GE Healthcare and Roche entered into a strategic partnership to co-develop and co-market digital clinical decision support (CDS) solutions. GE Healthcare is a worldwide leader in medical imaging equipment, while Roche Diagnostics is the global leader in in-vitro diagnostics. The partnership will initially focus on products that accelerate and improve individualized treatment options for cancer and critical care patients.
The two companies aim to develop an industry-first digital platform, using advanced analytics to provide workflow solutions and apps that support clinical decisions. This will allow the seamless integration of in-vivo and in-vitro data, patient records, medical best practice, real time monitoring and the latest research outcomes. Clinicians will then have the comprehensive decision support for providing the right treatment and quality of care for their patients.
For example, oncology care teams with multiple specialists will have a full data dashboard to help them collaborate on treatment decisions for cancer patients at each stage of their disease.

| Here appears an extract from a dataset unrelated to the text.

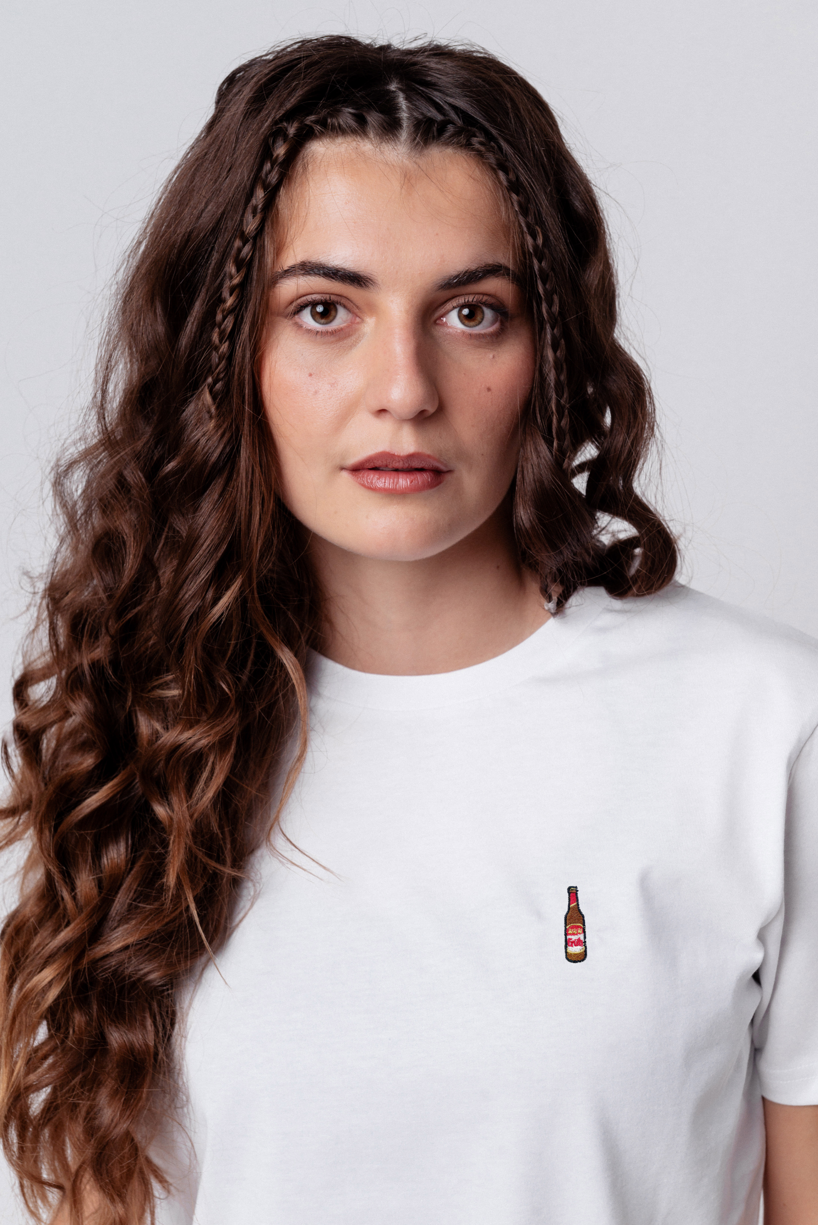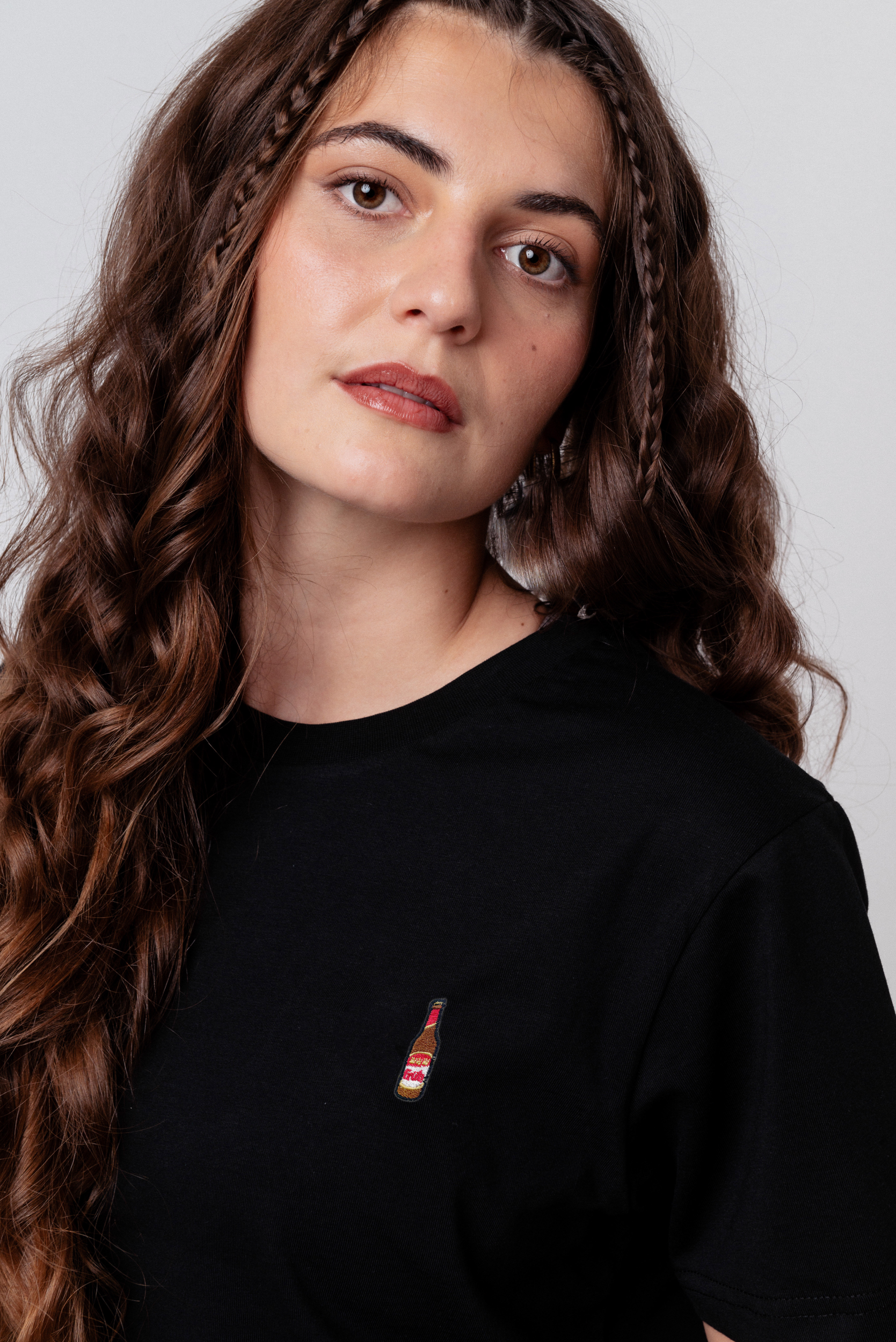 Super hochwertiges Bio Baumwoll Unisex T-Shirt mit schwerem Stoff (190gsm) und der offiziell gestickten Früh Kölsch Flasche

In the critical care setting, data from a patient’s hospital monitoring equipment will be integrated with their biomarker, tissue pathology, genomic and sequencing data. Physicians will be able to identify, or even predict severe complications before they strike.
According to FierceBiotech, GE chief innovation officer Nadeem Ishaque cites the bringing together of diagnostic images, pathology and genomic information for a breast cancer patient as an example of the potential of the collaboration. Ishaque stated, “By leveraging this combined data set using machine learning and deep learning, it may be possible in the future to reduce the number of unnecessary biopsies that are performed due to suspicious findings in the mammograms and possibly also reduce mastectomies that are performed to combat ductal carcinoma in situ, a condition that may evolve into invasive breast cancer in some cases.”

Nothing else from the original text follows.